This latter case is depicted in FIG. 13 where a viewer 1301 is viewing content 1303 displayed on a display surface 1305 from a position that is not perpendicular to the display surface. A consequence of this is that the viewer's perception 1307 of what is being displayed appears distorted to the viewer 1301. Referring to FIG. 14, a solution to this problem, according to embodiments of the present invention, comprises transforming the displayed content to create the opposite distortion so that when viewed from a position that is not perpendicular to the display surface 1305, the perception 1407 of the distorted displayed content 1403 appears undistorted to the viewer 1301.


The solution according to embodiments of the present invention comprises three stages:

    • i. Referring to FIG. 15a, in the first stage, a three-dimensional (3D) display 1501 (i.e. a virtual screen which can be managed as a 3D object) is created from the original source content as it is expected to be viewed.
    • ii. Referring to FIG. 15b, the 3D display is then transformed (e.g. translated t, rotated ro, resized rs (as necessary)) to fit within the viewing cone 1503 of the viewer 1505 for the current position of the viewer 1505. (Referring to FIG. 16, a viewing cone 1601 defines the positions where the viewer's perception of the transformed content appears undistorted.)
    • iii. Referring to FIG. 15c, the transformed 3D display 1507 is then projected onto the display surface 1509.



FIG. 17 depicts that undistorted perception of the content can be obtained by any linear transformation of the 3D object that hides the viewing cone in any direction before projection (i.e. any linear transformation that corresponds exactly to the viewing cone.) The result of the projection of any linear transformation of the 3D display that hides the viewing cone is always the same, i.e. the intersection of the viewing cone with the display surface. This is depicted in FIG. 18a.
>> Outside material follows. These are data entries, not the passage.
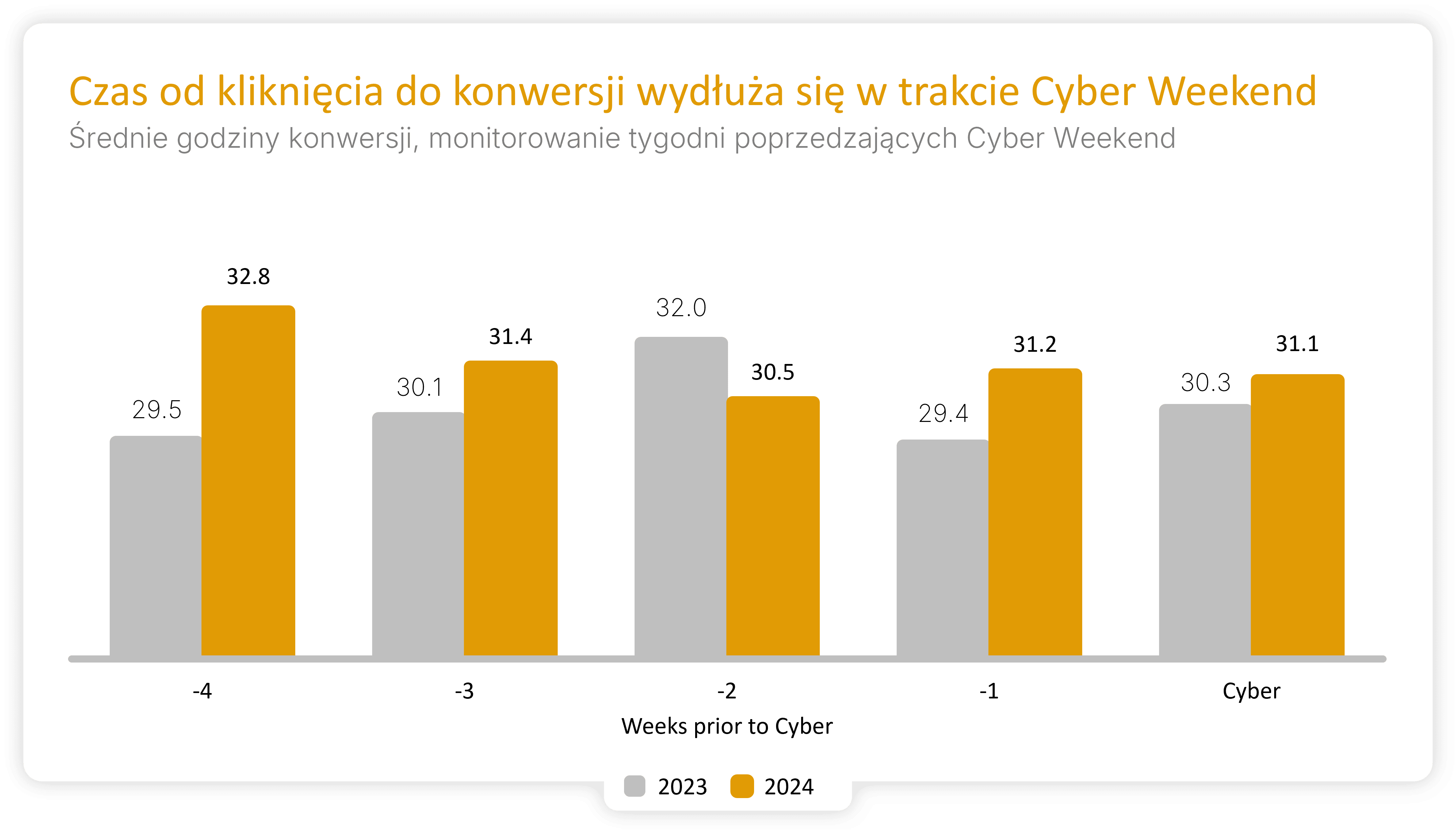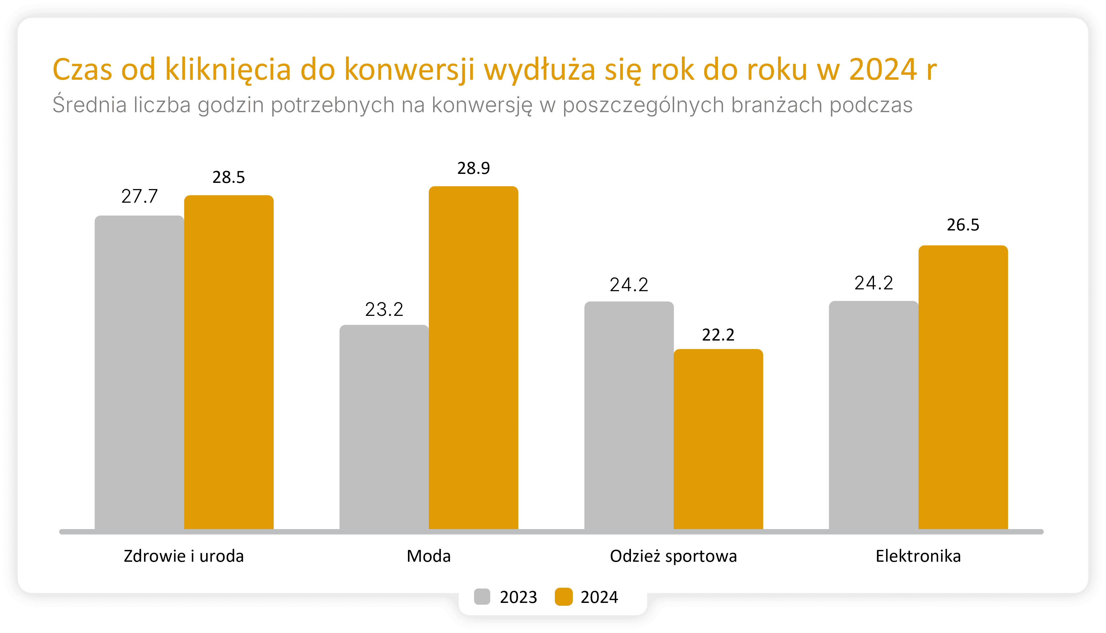 Nasze dane pokazują wydłużony czas od kliknięcia do konwersji w wielu kluczowych podsektorach podczas Cyber Weekendu 2024 i spodziewamy się, że liczby te ponownie wzrosną w 2025 roku.
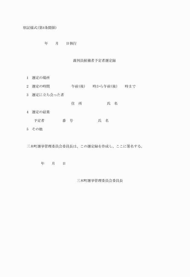 第4条 委員会の委員長は、選定の次第を記載した裁判員候補者予定者選定録(別記様式。以下「選定録」という。)を作成し、これに署名する。
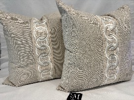 A pair of lovely neutral custom made decotrative throw pillows. Would be perfect for any spot in your home!
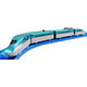 A nicely detailed and only slighly caricaturized motorized model of a Series E5 Hayabusa Bullet Train. Set includes four cars. Rail not included. Requires one LR03 (AAA) battery.
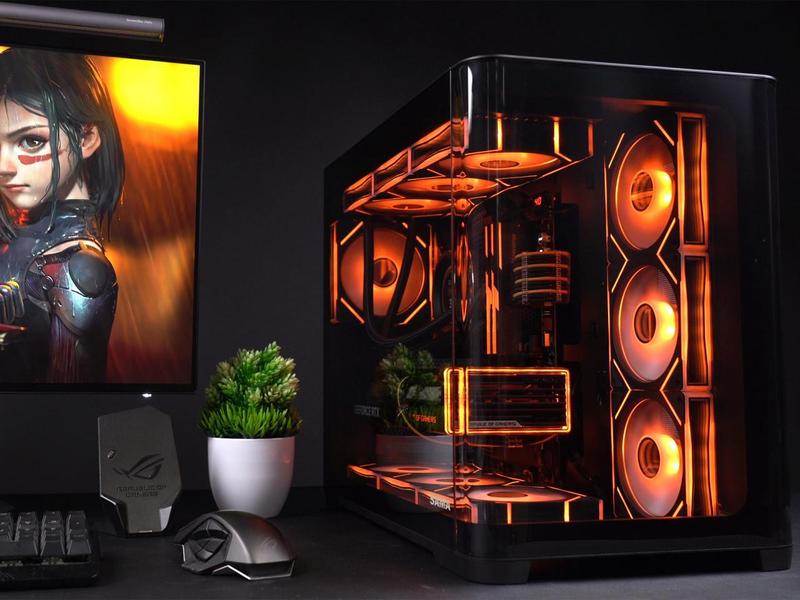 SAMA 2851 ATX Mid-Tower PC Gaming Case, High-Airflow, Sturdy Curved Tempered Glass Front, 4 ARGB PWM Fan Pre-installed with Fan Hub, Black

The choice of the transformation, therefore, has no impact on the viewer and is typically chosen so that the center of the base of the viewing cone intersects with the display surface (as depicted in FIG. 18b) and this is typically achieved by a combination of regular transformations such as rotation, translation and resizing.



FIG. 19 depicts that the direction of the viewing cone defines the position of the projected transformed 3D display on the surface, which directly impacts the viewer as there are some directions that would hide (partially or perhaps totally) the projected display (e.g. portion 1901 is depicted as hidden). The appropriate direction for the projection is typically the one that causes the simplest transformation.


Two further concepts will now be introduced: the triangle of perpendicularity and the disc of conservation.


Referring to FIG. 20, the triangle of perpendicularity 2001 is defined by the triangle formed by the cone of viewing and the display surface 2003. An undistorted perception 2005 of the content can be obtained for any position within the triangle using only a translation and resizing of the 3D display.


Referring to FIG. 21, the disc of conservation 2101 is defined by the circle that intersects with the corners of the triangle of perpendicularity 2001. An undistorted perception 2103 of the content can be obtained for any position within the disc 2101 (and outside the triangle 2001) using translation, resizing and rotation of the 3D display.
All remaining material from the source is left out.